▶ _Try it_: Please copy, exactly as they appear below, the lines from the one containing "4月21日,在2014 (第" through the one containing "DIY 네일 아트 스티커".
╭──
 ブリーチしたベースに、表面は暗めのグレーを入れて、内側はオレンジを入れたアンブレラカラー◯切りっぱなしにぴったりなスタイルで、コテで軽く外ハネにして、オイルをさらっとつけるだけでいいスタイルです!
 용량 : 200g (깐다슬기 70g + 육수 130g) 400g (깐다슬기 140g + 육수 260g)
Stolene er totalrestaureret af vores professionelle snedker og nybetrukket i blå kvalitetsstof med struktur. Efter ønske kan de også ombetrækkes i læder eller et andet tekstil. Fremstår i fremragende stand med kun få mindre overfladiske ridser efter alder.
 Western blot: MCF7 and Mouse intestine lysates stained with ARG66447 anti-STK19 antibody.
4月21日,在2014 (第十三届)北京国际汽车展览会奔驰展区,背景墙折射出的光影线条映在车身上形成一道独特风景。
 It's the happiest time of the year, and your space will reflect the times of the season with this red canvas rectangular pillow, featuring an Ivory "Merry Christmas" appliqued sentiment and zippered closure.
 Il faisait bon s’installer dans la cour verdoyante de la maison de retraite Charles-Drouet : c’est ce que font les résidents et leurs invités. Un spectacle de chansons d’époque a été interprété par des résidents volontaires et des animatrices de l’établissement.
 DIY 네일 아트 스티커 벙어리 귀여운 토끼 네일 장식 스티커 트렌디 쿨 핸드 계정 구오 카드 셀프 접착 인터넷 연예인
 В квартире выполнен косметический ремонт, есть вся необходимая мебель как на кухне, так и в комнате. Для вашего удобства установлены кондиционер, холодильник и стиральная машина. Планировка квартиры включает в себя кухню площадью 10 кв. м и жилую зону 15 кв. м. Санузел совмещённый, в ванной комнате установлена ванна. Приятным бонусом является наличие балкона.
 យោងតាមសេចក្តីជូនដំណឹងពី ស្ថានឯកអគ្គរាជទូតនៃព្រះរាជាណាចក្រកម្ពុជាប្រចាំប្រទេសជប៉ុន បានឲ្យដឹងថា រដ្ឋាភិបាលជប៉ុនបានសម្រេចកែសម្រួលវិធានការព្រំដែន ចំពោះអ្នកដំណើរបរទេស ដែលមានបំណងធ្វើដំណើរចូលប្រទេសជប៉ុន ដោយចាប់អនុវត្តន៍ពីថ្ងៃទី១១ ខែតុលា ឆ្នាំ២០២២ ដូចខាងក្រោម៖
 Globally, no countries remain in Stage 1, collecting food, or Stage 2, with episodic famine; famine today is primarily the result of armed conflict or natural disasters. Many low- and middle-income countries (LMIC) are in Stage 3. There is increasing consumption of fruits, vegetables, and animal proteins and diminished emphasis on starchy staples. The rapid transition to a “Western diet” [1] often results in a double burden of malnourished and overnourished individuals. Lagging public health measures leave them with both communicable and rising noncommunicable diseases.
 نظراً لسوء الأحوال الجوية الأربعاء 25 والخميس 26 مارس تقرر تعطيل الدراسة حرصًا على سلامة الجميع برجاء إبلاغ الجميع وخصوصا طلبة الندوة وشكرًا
╰──
▶ _Task result_:
4月21日,在2014 (第十三届)北京国际汽车展览会奔驰展区,背景墙折射出的光影线条映在车身上形成一道独特风景。
 It's the happiest time of the year, and your space will reflect the times of the season with this red canvas rectangular pillow, featuring an Ivory "Merry Christmas" appliqued sentiment and zippered closure.
 Il faisait bon s’installer dans la cour verdoyante de la maison de retraite Charles-Drouet : c’est ce que font les résidents et leurs invités. Un spectacle de chansons d’époque a été interprété par des résidents volontaires et des animatrices de l’établissement.
 DIY 네일 아트 스티커 벙어리 귀여운 토끼 네일 장식 스티커 트렌디 쿨 핸드 계정 구오 카드 셀프 접착 인터넷 연예인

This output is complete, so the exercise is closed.